Nicolas enveloppe Muriel d’un regard triste dans lequel elle croit deviner de la compassion. Elle en a marre de râler sans cesse. « Tu me traites comme du poisson pourri », Vincent le lui dit souvent, et ils semblent tous y être habitués. Est-ce qu’elle est vraiment acariâtre ? Une fois l’emportement passé, elle regrette. C’est pareil avec cette Julia, elle n’y peut rien, mais tout en elle l’énerve. Elle déteste son air, ses manières, sa façon de se tenir. Une vraie caricature de blonde vulgaire, avec ses cheveux longs, les siens sont courts et bruns, et sa robe légère qui laisse voir des formes débordantes et molles. Elle, au contraire, ne met que des pantalons et est toute menue, maigre se moque parfois Vincent, les fesses plates. Quand elle porte une robe, elle a toujours l’impression de flotter dedans.
— Est-ce que tu sais si Berthier a pris le même train que nous ? demande Muriel à Nicolas.
Aude lui caresse la cuisse pour la réconforter. Quand son amie a les cheveux plaqués en arrière, c’est signe d’angoisse ou de peur. Détendue, elle les ramène vers l’avant.
Colette adresse à Muriel un sourire qui se veut réconfortant, mais l’autre croit voir sa mère, qui lui glissait parfois en confidence, sur un ton très doux, avec l’air d’une Vierge de pietà, « Les femmes sont faites pour souffrir ».
Elle avait attendu en vain toute son enfance une colère, une dispute, pas même, un mot plus haut que l’autre, mais jamais rien n’était sorti.
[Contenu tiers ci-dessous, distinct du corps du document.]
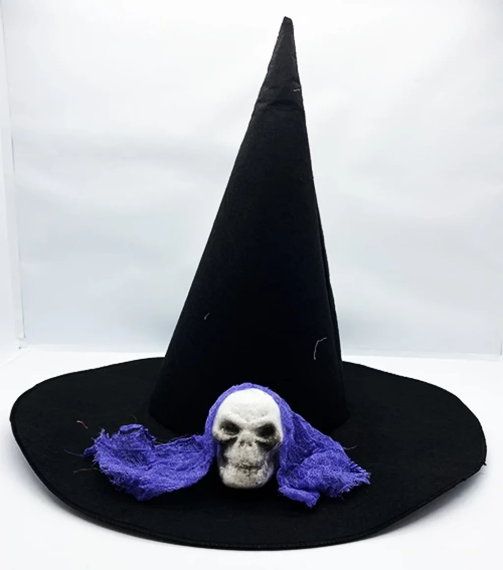Siyah Renk Mavi Duvaklı Kuru Kafa Temalı Cadı Şapkası 35x38 cm
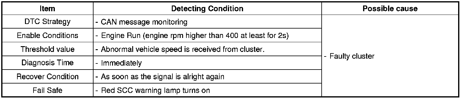 SCC monitors vehicle speed signal from cluster with every reception of the CAN message. SCC sets this code when abnormal vehicle speed is received from cluster. System recovers to normal condition as soon as the signal is alright again.
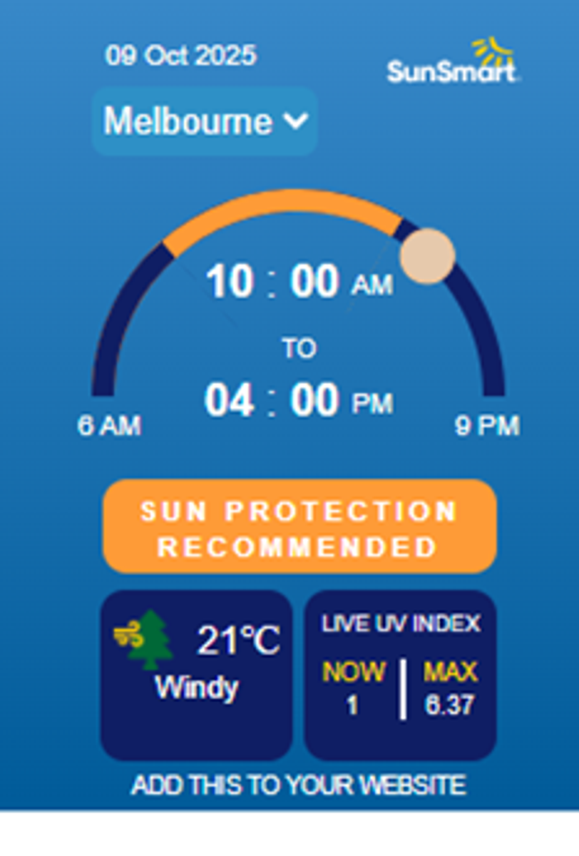 can be damaging to our skin without us knowing. The UV rating is usually 3 from 10, then rises to as high as 6 or 7, then can be at 3 until 4.30 in the afternoon. The UV rating is not related to the sun shining or not. Even on overcast days the UV rating can reach levels that can cause problems. This week’s highest average was 5, with 7 expected next week. The Sun Smart widget that shows the expected levels for the day is available on our school website at the bottom of the home page.

Les refus, les réprimandes, les punitions, tout était dit sur le même ton mesuré qui l’enveloppait et l’étouffait, sans qu’il lui soit possible de répliquer. Tout se mélange dans sa tête. Elle passe sa main dans ses cheveux. « Quand on les perd, ça veut dire qu’on ne sait pas ce qu’on veut, lui a dit une collègue au bureau. Je veux, cheveux. Vous comprenez ? C’est comme quand on en a plein le dos… » N’importe quoi. Ne pas se laisser envahir par l’angoisse.
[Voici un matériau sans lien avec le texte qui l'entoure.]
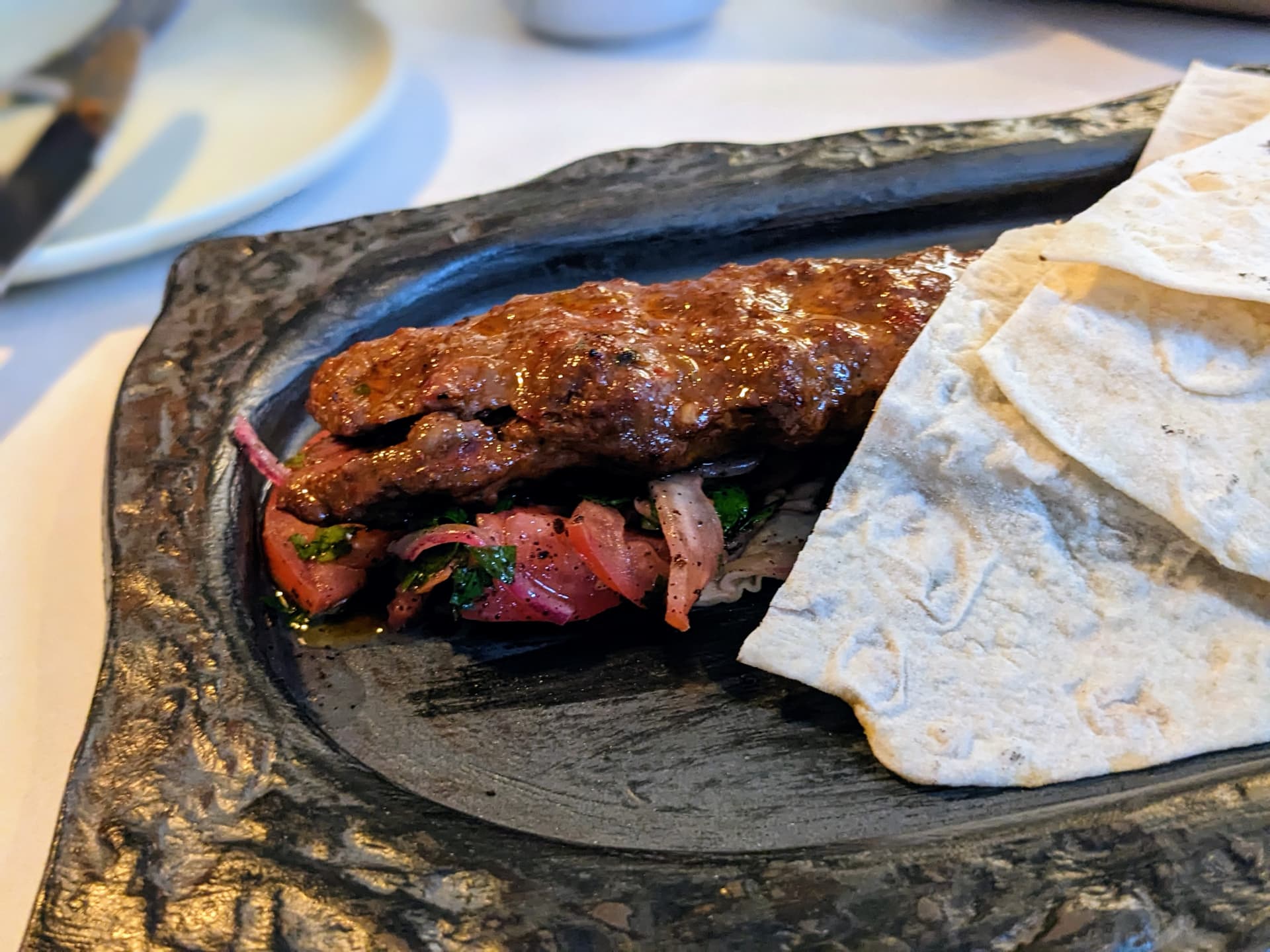 garlic-spiced kebab - a richly seasoned kebab made with garlic, served with tomato & onion salad and lavash bread
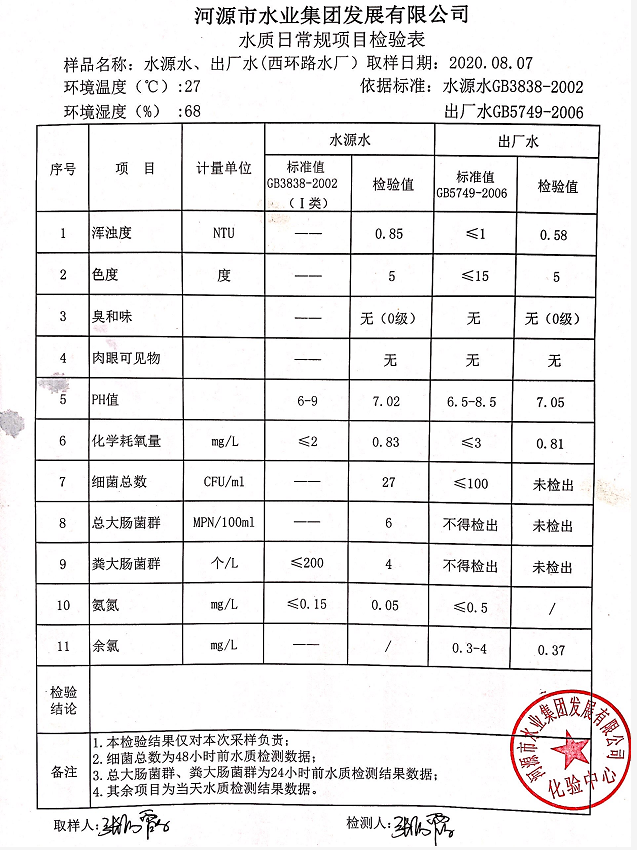 2020年8月7日水質(zhì)檢驗(yàn)報(bào)告
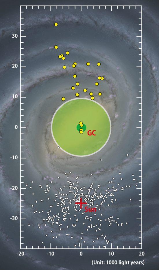 上图蓝点为造父变星,中间黄色部分则几乎不存在造父变星,该区域的半径大约为8,000光年
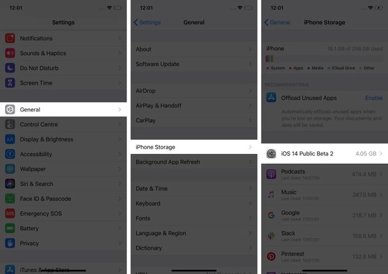 Tương tự như trên, bạn cũng cần vào Settings (cài đặt) - General (cài đặt chung) - iPhone Storage (dung lượng iPhone), kéo xuống bên dưới và tìm đến tệp cập nhật, chạm vào nó và nhấn Delete update (xóa cập nhật), xác nhận lại một lần nữa khi được yêu cầu.
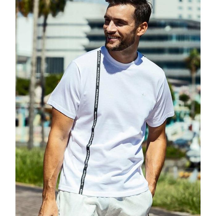 ブランドロゴを縦に走らせた半袖Tシャツ。ラインデザインが爽快かつスポーティな印象を演出します。
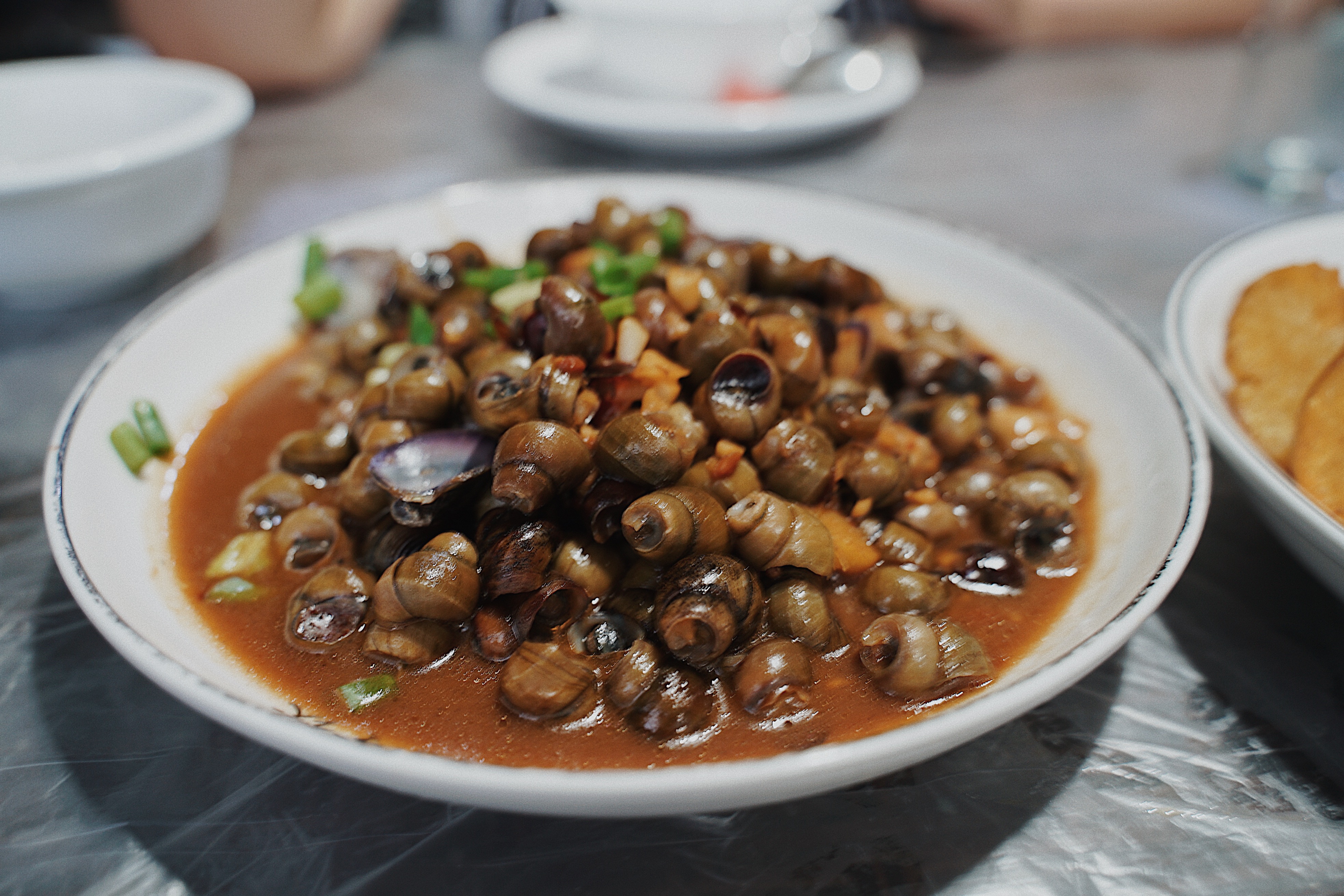 奉化 的沿海地区盛产各种小海鲜,野生泥螺脆爽美味,葱油或是爆炒,便是餐桌上鲜掉眉毛的一道美味。
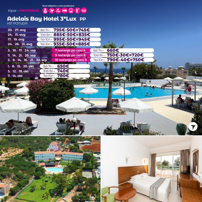 Hotel Adelais Bay udaljen je 500m od plaže Green bay, plaža koja se nalazi između čuvene Fig Tree plaže i Konnos plaže. Hotelski prostor pokriva velika bašta sa otvorenim bazenom. Sobe su klimatizovane sa SAT TV i balkonom ili terasom. Svaka soba poseduje sopstveno kupatilo sa fenom za kosu. U sastavu hotela je Aurora restoran i bar Ilios pored bazena. Opremljen je sa igralištem na otvorenom sa stolicama za ljuljanje i igraonicom, dok se uz doplatu može obezbediti usluga čuvanja dece. Grad Protaras udaljen je od hotela 15 minuta hoda.

— En tout cas, le père du contrôleur aurait dû lui proposer, répond Colette.
Muriel, d’un ton énervé, repose sa question.
— Enfin une chose est sûre : il n’était pas fait pour être flic ! conclut Nicolas.
— Mais on s’en fout de cette histoire !
— Écoute, réplique Nicolas d’un ton ferme. Vincent est parti aux toilettes. Peut-être qu’il est allé faire un tour. Laisse-le vivre un peu.
Puis se radoucissant, il ajoute :
— S’il n’est pas de retour dans un quart d’heure, je te promets qu’Aude et moi, on t’accompagne à sa recherche.
Muriel s’enfonce dans son siège. Elle en veut à Nicolas tout autant qu’elle lui sait gré d’avoir deviné les raisons de son inquiétude.